Estes números vêm à tona no momento em que o governo federal endurece as regras para drogas ilícitas — a proposta aprovada no Senado e no aguardo de sanção presidencial regula temas como a possibilidade de internação compulsória de dependentes químicos e o aumento da pena mínima para traficante que comandar organização criminosa, de cinco para oito anos de reclusão.
Segundo os dados deste levantamento da Fiocruz, cerca de 1,3 milhão de brasileiros declararam já ter usado crack uma vez na vida, número consideravelmente mais baixo do que os que afirmaram já ter utilizado algum tipo de opiáceo. Entretanto, pesquisadores afirmam que a comparação dos dados entre um e outro deve ser feita com cautela, já que o uso do crack se dá, sobretudo, em cena aberta, em que a maioria dos usuários está em situação de rua, enquanto a pesquisa da Fiocruz usou a metodologia do inquérito domiciliar, em que o sujeito responde face a face a uma entrevista. Foram feitas 16 mil entrevistas em 351 cidades brasileiras.

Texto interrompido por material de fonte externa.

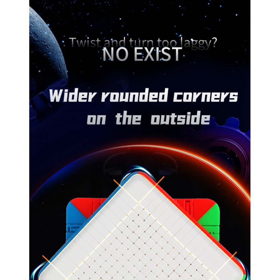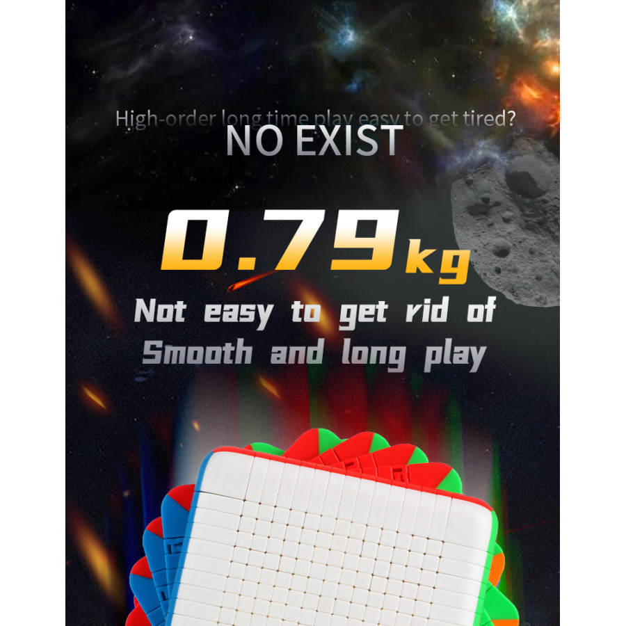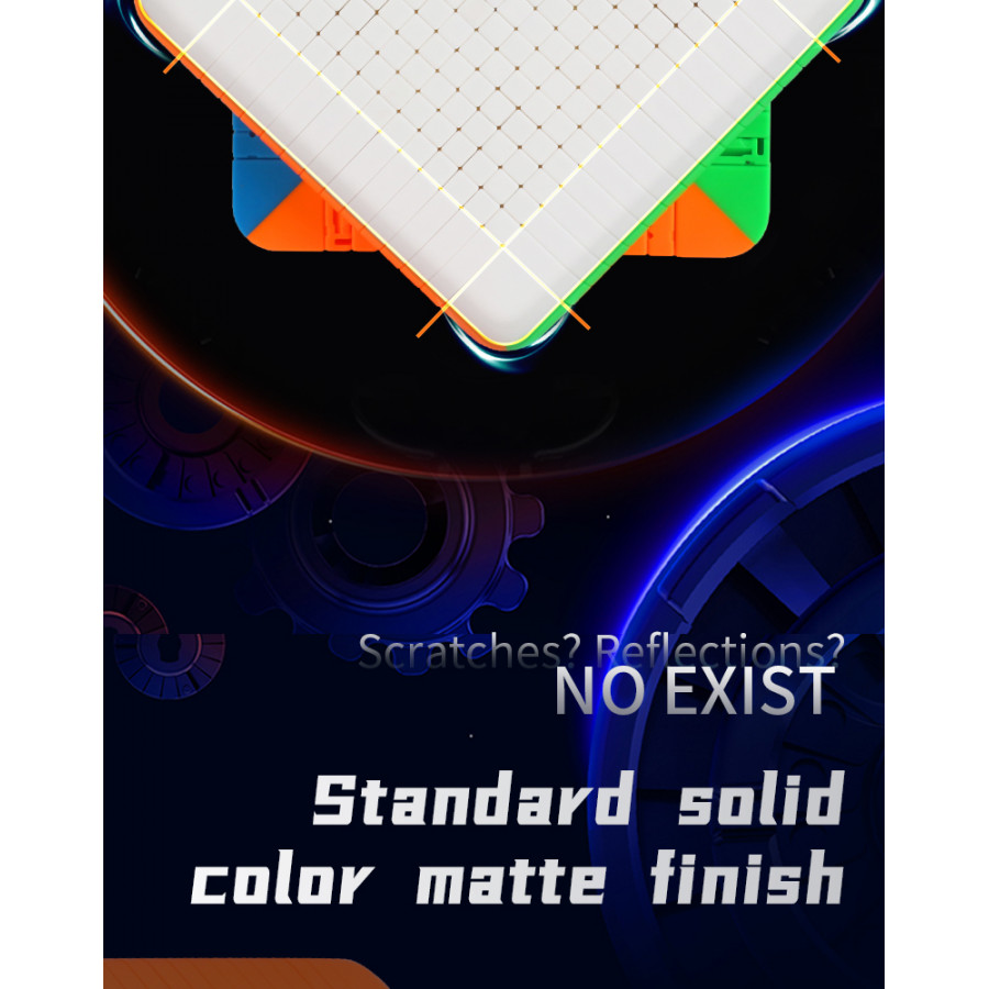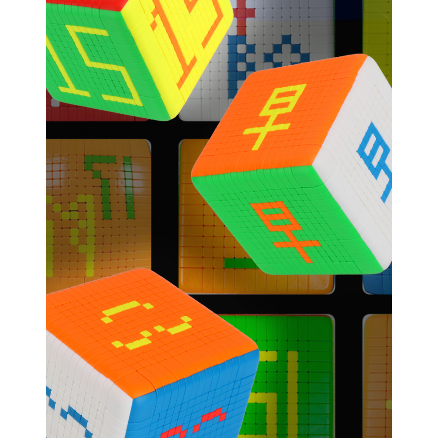 Le ShengShou 14x14 est le premier 14x14 produit en série dans le monde ! Le 14x14 est doté d'un nouveau design léger qui améliore l'expérience de résolution en rendant le puzzle plus facile à manipuler et à tourner. En outre, la palette de couleurs sans autocollant présente des nuances vives et faciles à distinguer.

Falta de comparação com estudos anteriores é apontada como problema
Desde 2017, quando o levantamento foi concluído, a pesquisa é mantida em sigilo, tornando-se pública agora apenas depois de a imprensa acessar os documentos. Segundo o Ministério da Justiça, órgão que encomendou o trabalho, o estudo não pode ser "reconhecido" pelo governo, pois não teria cumprido a exigência de comparabilidade com estudos anteriores (de 2001 e 2005), feita no edital de R$ 7 milhões que custeou o estudo. A Fundação, em resposta, apresentou dois suplementos oferecendo comparações, alertando, no entanto, que os estudos adotam amostras distintas.
Especialistas ouvidos pela reportagem do jornal O Globo afirmam que o engavetamento só pode ser explicado por ele não confirmar que o Brasil vive uma epidemia de drogas, como costuma afirmar o ministro da Cidadania, Osmar Terra. Ao jornal carioca, o ministro afirmou que não iria se pronunciar sobre este assunto.